We drove through a wide and curving sprawl highway that went past shopping mall after shopping mall and restaurants and gas stations, and CVS pharmacies that were right across the street from Walgreens pharmacies, and gun shops and castle-themed miniature golf courses, and dark, empty retail spots that were sort of overgrown with Dangling foliage, but nothing that looked like any place specifically.

“There's no way we're going to find Andrew here,” I mumbled.

“Yeah, man. Yeah. We have a problem,” Gus nodded.

Finally, finally, after like a half hour of just sprawling crap (that looked exactly like the sprawling crap around Dubuque, Iowa, except with palm trees and thick shrubs), we pulled into a part of town that was older and sort of on a grid.

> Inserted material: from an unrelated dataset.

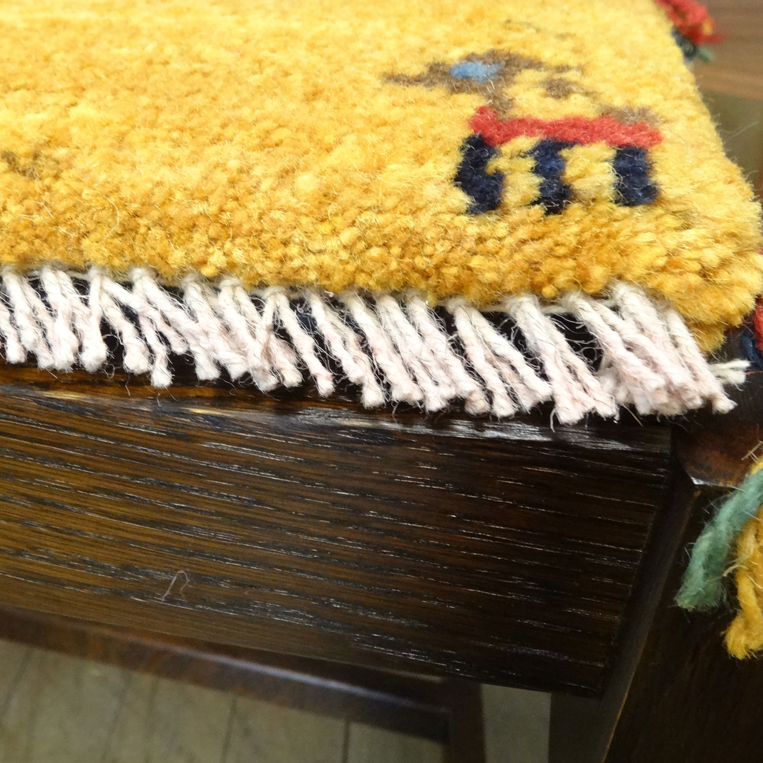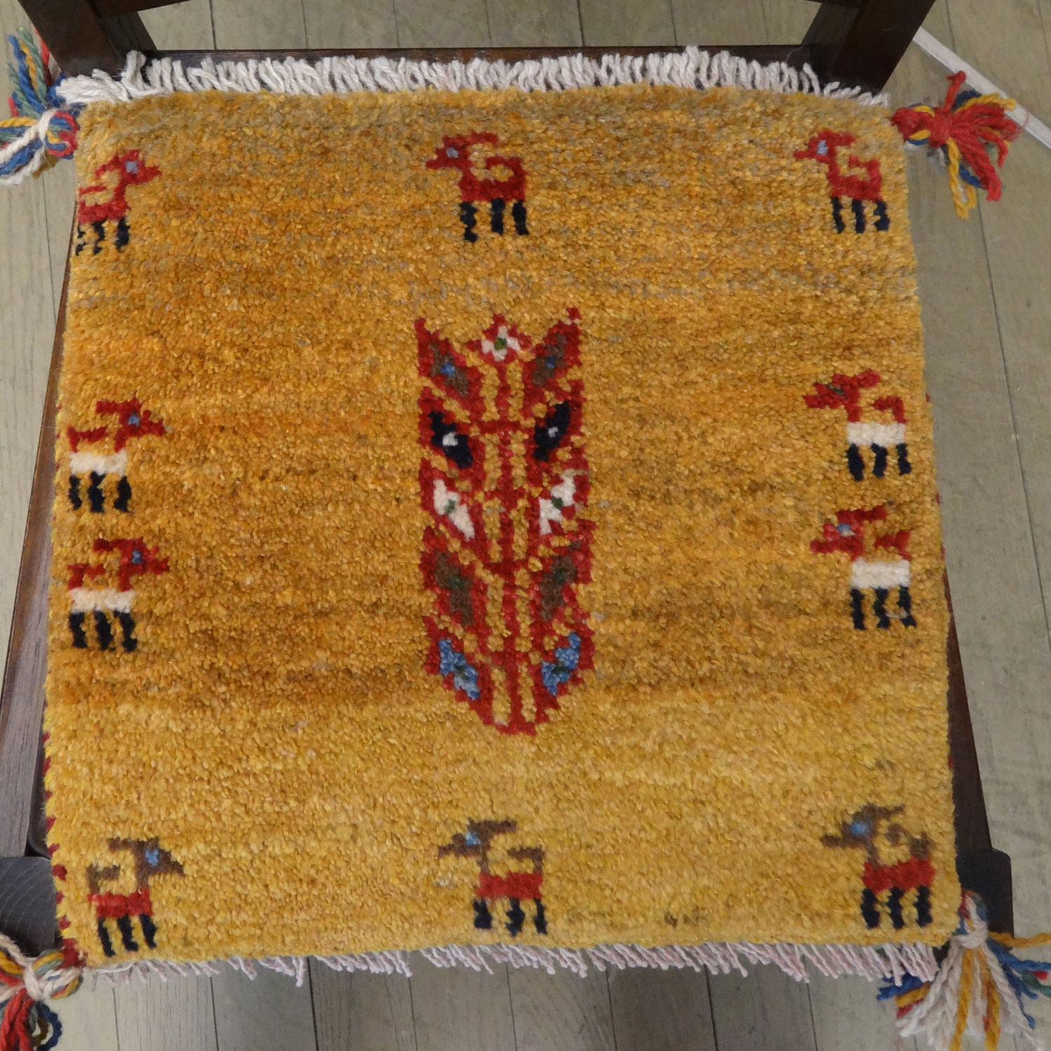 こちらのサイズは、ミニ座布団サイズで、ダイニングチェアや車のシートの上に敷いてお使いいただけるふかふかのギャッベ(ギャベ)絨毯です。

The giant palms bent over the car. Ranch-style houses sat back from the road in darkness. The houses got a little closer and older, but not like a hundred years old, more like from the seventies or something, and there were more and more old strip malls, and then a cemetery, and then we came to a sign that had an arrow pointing to downtown Fort Myers and one to the Midpoint Bridge and Cape Coral. Gus took a right to head toward downtown, because we couldn't leave Fort Myers.

But we never got to a downtown. About ten minutes later, Gus pulled into the empty parking lot of a closed restaurant that had thick bushes and trees all around it. He parked and shut off the car. We both stared into the dark.

“What are we going to do?” I asked.

“I can't drive anymore, man. I feel like I'm going to crash. We can hide in this overgrowth, man. We don't have any place to go, anyway. Try your freaking brother again.”

Andrew didn't answer, of course. “We don't know where we are, Andrew…”

“McGregor Boulevard,” Gus said.

“McGregor Boulevard…”

“In Fort Myers,” Gus said.

“In Fort Myers, Andrew.”

“Edison Restaurant, right next to the country club.”

“Edison Restaurant. The country club. My phone's dead. Call Gus, okay?”

Andrew didn't call. We sat in silence for another ten minutes.

“I'm going to sleep now,” Gus said.

Gus stuck his hand next to the seat and pulled a lever, and the shitty Celica chair fell backward and then he was out cold, I thought.

I breathed hard. My nerves sort of leapt. I didn't want to meet my grandfather, Aleah. I also didn't want to be stuck in a parking lot in the middle of the night in the middle of Florida where criminals might be hiding. (I've seen a lot of episodes of
COPS
.) I heard tree-creaking noises and cars driving past the entrance slowly. My muscles filled with juice. Had to do it. I got out of the car and pissed in a bush, and then I ran back and forth and back and forth across the parking lot like the total freak-show clown that I am.

After awhile, Gus rolled down his window and shouted, “Would you stop? You're like a freaking hamster on one of those wheels.”

“This is what I do,” I shouted.

“Freak, Felton. Wow,” Gus said.

I ran back and forth until I could barely stand.
What
the
hell? Where's Andrew? Why am I here? I don't want to see my grandpa. I don't care about Tovi. This is stupid. Why aren't I in Michigan? Jesus Christ. Jerri? I'm sorry. Why am I here?
It took probably two hours, seriously. When I climbed back in the car, Gus was really asleep.

It was so freaking dark, and those thick palm tree bushes were bent over the car blocking out everything…

• • •

Wait.

Renee's not back, yet. It's been like twenty minutes. Should I really go find her? In the bathroom? Some more people just showed up. Like ten middle-aged African Americans. They're all wearing Hawaiian shirts like Andrew wears. They all look like they're going to fall asleep. I'm so tired too. There's one dude working the ticket window, and he's so tired he might not make it through the next couple of minutes.

Where the hell is Renee? I'm passing out. I have to unplug my computer and pack up if I'm going to find her.